■ Directions ■
The entries below hold a line with "2025年10月25日石家莊" and a line with "Λόγω των εξαιρετικά". Return those lines and all that lie between them, exactly and only.

■ Given data ■
[Start of section]

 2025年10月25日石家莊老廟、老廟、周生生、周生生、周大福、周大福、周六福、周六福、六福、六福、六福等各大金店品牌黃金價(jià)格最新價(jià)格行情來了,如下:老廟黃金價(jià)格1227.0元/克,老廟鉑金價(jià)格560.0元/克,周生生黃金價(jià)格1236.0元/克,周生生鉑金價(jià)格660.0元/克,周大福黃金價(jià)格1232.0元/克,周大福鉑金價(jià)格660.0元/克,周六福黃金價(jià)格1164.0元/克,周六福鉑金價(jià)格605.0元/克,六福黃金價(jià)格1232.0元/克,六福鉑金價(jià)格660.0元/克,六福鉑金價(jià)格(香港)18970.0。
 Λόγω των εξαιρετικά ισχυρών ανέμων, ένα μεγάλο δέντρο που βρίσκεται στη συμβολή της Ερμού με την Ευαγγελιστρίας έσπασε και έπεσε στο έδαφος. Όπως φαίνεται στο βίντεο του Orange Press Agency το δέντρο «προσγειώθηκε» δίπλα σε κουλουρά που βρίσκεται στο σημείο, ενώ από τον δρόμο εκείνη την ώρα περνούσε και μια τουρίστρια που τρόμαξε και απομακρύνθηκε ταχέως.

[End of section]
[Start of section]

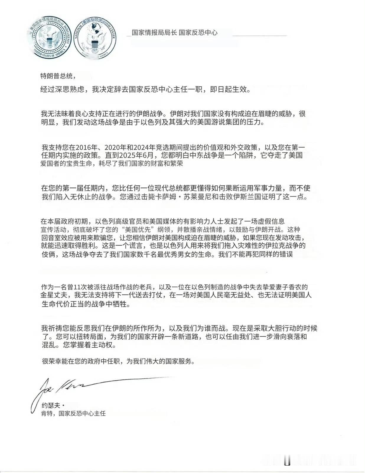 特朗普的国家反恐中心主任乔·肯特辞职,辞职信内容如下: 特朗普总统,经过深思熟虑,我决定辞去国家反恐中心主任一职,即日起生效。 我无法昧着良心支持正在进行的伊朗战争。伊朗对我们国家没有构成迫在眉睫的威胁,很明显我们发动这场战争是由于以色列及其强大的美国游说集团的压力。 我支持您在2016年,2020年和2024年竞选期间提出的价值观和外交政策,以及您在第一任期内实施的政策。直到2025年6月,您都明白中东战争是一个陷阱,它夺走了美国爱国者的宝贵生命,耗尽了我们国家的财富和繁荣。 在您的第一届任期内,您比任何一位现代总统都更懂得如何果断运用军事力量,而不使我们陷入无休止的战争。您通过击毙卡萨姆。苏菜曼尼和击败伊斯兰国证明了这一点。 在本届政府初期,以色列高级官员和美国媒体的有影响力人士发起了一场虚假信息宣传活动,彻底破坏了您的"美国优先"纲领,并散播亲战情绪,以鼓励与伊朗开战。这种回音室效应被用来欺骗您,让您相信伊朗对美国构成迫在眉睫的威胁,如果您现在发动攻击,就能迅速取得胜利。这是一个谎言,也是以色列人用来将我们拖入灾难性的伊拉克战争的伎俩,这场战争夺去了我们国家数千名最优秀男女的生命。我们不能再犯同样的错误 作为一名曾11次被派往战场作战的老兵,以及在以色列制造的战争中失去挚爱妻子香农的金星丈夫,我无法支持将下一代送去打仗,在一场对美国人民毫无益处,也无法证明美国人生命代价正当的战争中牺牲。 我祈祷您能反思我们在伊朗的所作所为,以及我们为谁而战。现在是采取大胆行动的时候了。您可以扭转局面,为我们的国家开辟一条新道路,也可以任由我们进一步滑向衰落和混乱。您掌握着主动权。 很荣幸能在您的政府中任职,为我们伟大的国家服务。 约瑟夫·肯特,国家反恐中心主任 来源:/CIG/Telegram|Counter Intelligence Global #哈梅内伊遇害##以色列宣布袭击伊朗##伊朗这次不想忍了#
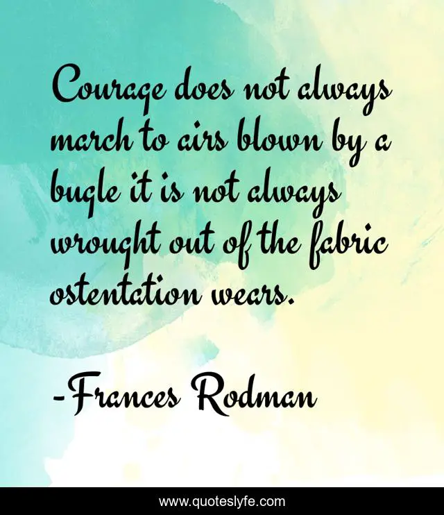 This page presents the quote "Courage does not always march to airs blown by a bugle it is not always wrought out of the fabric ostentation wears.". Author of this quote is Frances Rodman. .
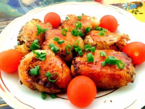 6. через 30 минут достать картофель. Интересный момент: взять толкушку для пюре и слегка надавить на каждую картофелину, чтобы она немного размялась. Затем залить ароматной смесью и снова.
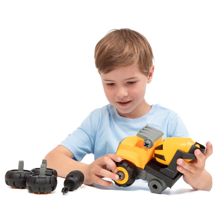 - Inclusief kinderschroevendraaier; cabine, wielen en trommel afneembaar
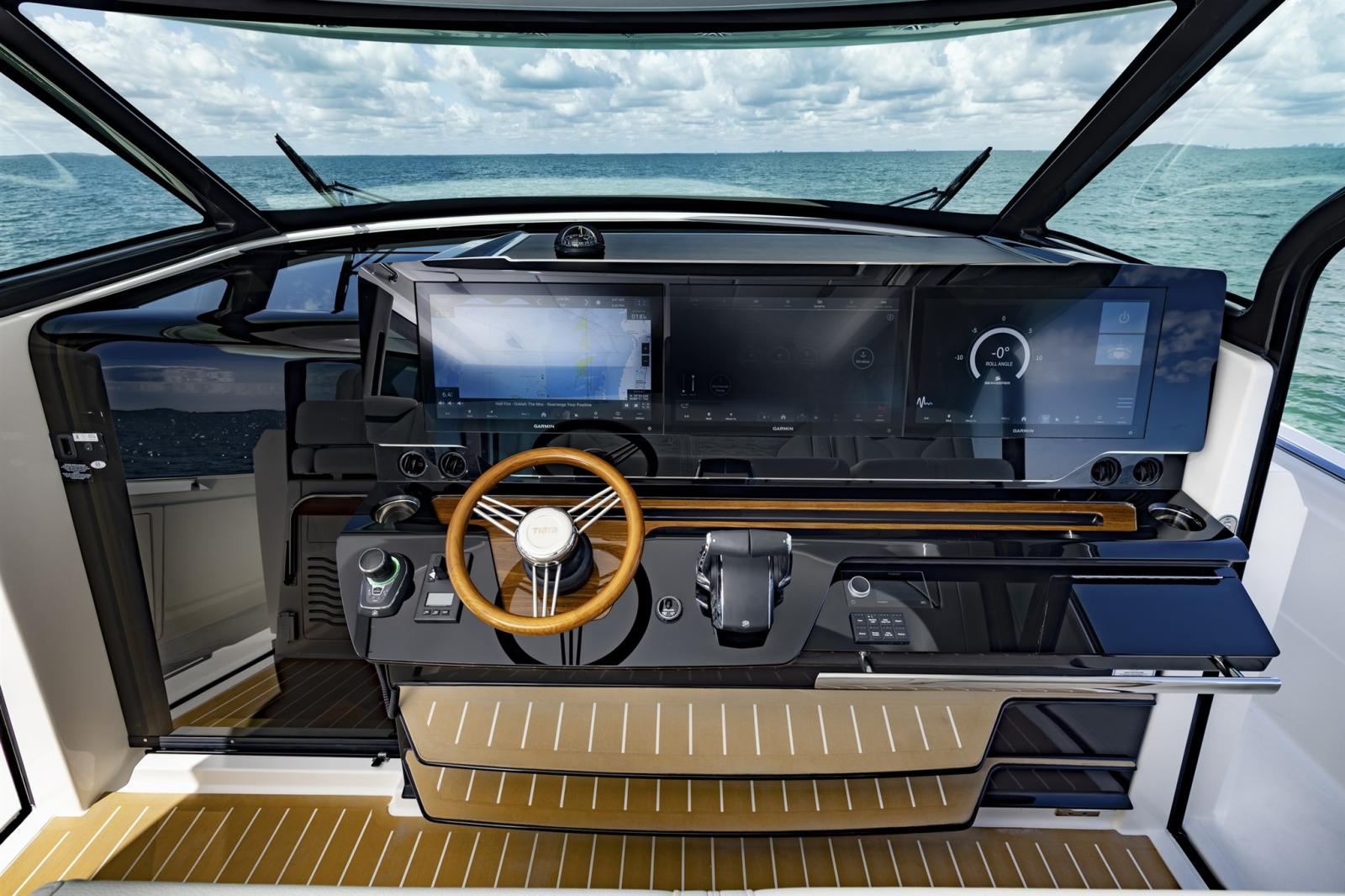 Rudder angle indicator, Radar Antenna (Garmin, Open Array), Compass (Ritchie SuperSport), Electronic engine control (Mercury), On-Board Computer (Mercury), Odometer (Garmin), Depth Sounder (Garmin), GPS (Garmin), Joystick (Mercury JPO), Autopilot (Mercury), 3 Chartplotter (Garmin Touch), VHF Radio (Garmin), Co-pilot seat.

[End of section]

■ Answer for this exercise ■
 2025年10月25日石家莊老廟、老廟、周生生、周生生、周大福、周大福、周六福、周六福、六福、六福、六福等各大金店品牌黃金價(jià)格最新價(jià)格行情來了,如下:老廟黃金價(jià)格1227.0元/克,老廟鉑金價(jià)格560.0元/克,周生生黃金價(jià)格1236.0元/克,周生生鉑金價(jià)格660.0元/克,周大福黃金價(jià)格1232.0元/克,周大福鉑金價(jià)格660.0元/克,周六福黃金價(jià)格1164.0元/克,周六福鉑金價(jià)格605.0元/克,六福黃金價(jià)格1232.0元/克,六福鉑金價(jià)格660.0元/克,六福鉑金價(jià)格(香港)18970.0。
 Λόγω των εξαιρετικά ισχυρών ανέμων, ένα μεγάλο δέντρο που βρίσκεται στη συμβολή της Ερμού με την Ευαγγελιστρίας έσπασε και έπεσε στο έδαφος. Όπως φαίνεται στο βίντεο του Orange Press Agency το δέντρο «προσγειώθηκε» δίπλα σε κουλουρά που βρίσκεται στο σημείο, ενώ από τον δρόμο εκείνη την ώρα περνούσε και μια τουρίστρια που τρόμαξε και απομακρύνθηκε ταχέως.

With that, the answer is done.